Mr. Taylor, let us add, gravely conjectures, what we cannot so gravely quote, that, as almost all natural modes of life are open to some degree of irregularity, and admit exceptive cases, so the pressure of the innumerable community of the dead, toward the precincts of life, arising from a yearning after the lost corporeity, or after the expected corporeity, may, in certain cases, actually break through the boundaries that hem in the ethereal crowds, and that so it may happen, as if by trespass, that the dead may, in single instances, infringe upon the ground of common corporeal life. If so, it is inexcusable that the "residuary establishment" of ghosts, though "non-intrusionists," or rather because they are so, should not despatch after the stray ghost the ghost of a "Peeler," armed with special warrant, or whatever is their analogue to our "Habeas corpus."

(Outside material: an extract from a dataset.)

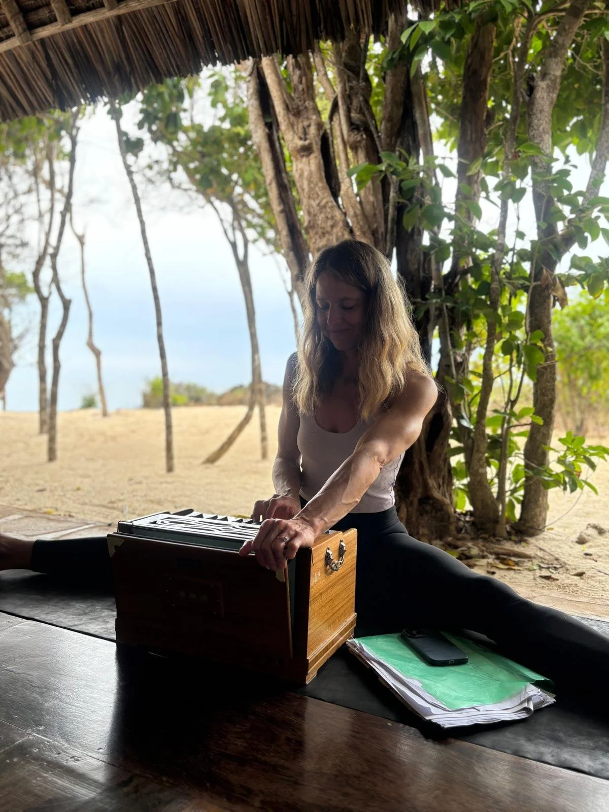 The teaching is energetic yet grounded. Contemporary music meets mantras. Precision meets playfulness. Conversations and reflection are naturally woven in – with warmth and humor.

By the way, it was once observed by Coleridge, that in all the best attested stories of ghosts and visions, as in that of Brutus, of Archbishop Cranmer, that of Benvenuto Cellini, recorded by himself, and the vision of Galileo, communicated by him to his favourite pupil Torricelli, the ghost-seers were in a state of cold or chilling damp from without, and from anxiety inwardly. ""Twas bitter cold, and they were sick at heart, and not a mouse stirring." See his "Literary Remains" (Notes on Shakspeare).